Records from a data source ▸
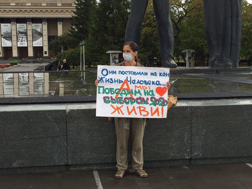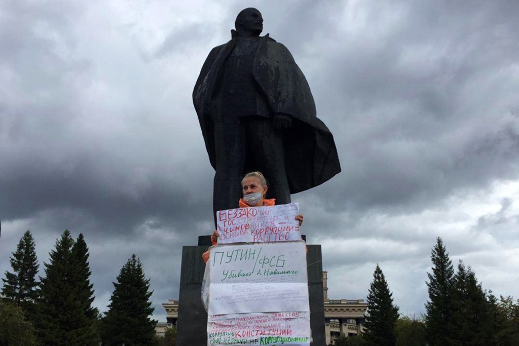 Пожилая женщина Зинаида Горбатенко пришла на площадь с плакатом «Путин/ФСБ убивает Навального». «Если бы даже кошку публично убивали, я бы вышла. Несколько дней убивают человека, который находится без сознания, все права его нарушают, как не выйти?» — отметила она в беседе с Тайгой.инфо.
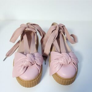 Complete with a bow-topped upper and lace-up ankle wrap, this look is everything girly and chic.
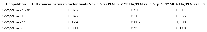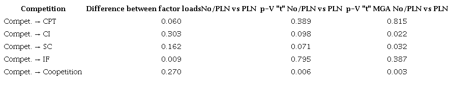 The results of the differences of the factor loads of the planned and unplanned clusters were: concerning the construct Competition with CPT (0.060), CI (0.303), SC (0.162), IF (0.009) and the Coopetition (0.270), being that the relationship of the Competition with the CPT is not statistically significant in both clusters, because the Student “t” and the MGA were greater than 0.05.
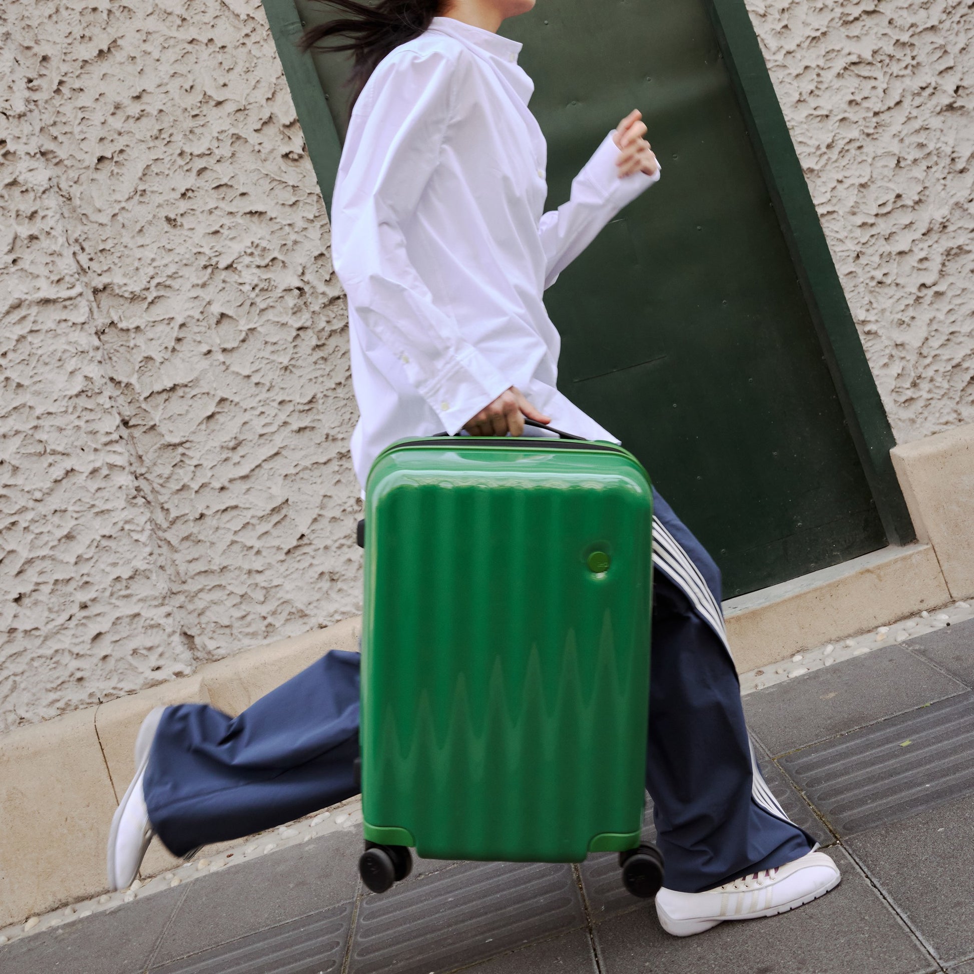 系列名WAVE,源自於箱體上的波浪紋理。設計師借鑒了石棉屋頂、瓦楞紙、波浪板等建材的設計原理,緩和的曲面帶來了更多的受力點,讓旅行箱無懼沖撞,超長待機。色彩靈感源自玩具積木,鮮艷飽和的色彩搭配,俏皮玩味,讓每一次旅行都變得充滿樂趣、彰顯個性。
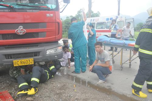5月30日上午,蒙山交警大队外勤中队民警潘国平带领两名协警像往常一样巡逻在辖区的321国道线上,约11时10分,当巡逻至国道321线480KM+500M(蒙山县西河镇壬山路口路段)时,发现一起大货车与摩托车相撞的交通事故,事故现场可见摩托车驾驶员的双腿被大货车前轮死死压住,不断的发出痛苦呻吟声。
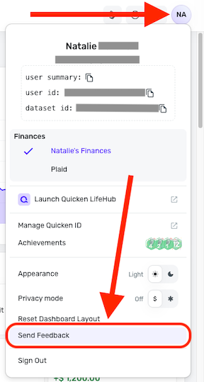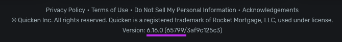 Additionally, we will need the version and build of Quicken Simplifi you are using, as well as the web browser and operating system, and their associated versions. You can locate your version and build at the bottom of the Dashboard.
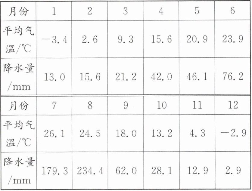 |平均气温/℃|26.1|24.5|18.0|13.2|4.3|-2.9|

Work task ▸ Every line of the data above should be quoted exactly. Omit the pictures.

Task result ▸
 Пожилая женщина Зинаида Горбатенко пришла на площадь с плакатом «Путин/ФСБ убивает Навального». «Если бы даже кошку публично убивали, я бы вышла. Несколько дней убивают человека, который находится без сознания, все права его нарушают, как не выйти?» — отметила она в беседе с Тайгой.инфо.
 Complete with a bow-topped upper and lace-up ankle wrap, this look is everything girly and chic.
 The results of the differences of the factor loads of the planned and unplanned clusters were: concerning the construct Competition with CPT (0.060), CI (0.303), SC (0.162), IF (0.009) and the Coopetition (0.270), being that the relationship of the Competition with the CPT is not statistically significant in both clusters, because the Student “t” and the MGA were greater than 0.05.
 系列名WAVE,源自於箱體上的波浪紋理。設計師借鑒了石棉屋頂、瓦楞紙、波浪板等建材的設計原理,緩和的曲面帶來了更多的受力點,讓旅行箱無懼沖撞,超長待機。色彩靈感源自玩具積木,鮮艷飽和的色彩搭配,俏皮玩味,讓每一次旅行都變得充滿樂趣、彰顯個性。
5月30日上午,蒙山交警大队外勤中队民警潘国平带领两名协警像往常一样巡逻在辖区的321国道线上,约11时10分,当巡逻至国道321线480KM+500M(蒙山县西河镇壬山路口路段)时,发现一起大货车与摩托车相撞的交通事故,事故现场可见摩托车驾驶员的双腿被大货车前轮死死压住,不断的发出痛苦呻吟声。
 Additionally, we will need the version and build of Quicken Simplifi you are using, as well as the web browser and operating system, and their associated versions. You can locate your version and build at the bottom of the Dashboard.
 |平均气温/℃|26.1|24.5|18.0|13.2|4.3|-2.9|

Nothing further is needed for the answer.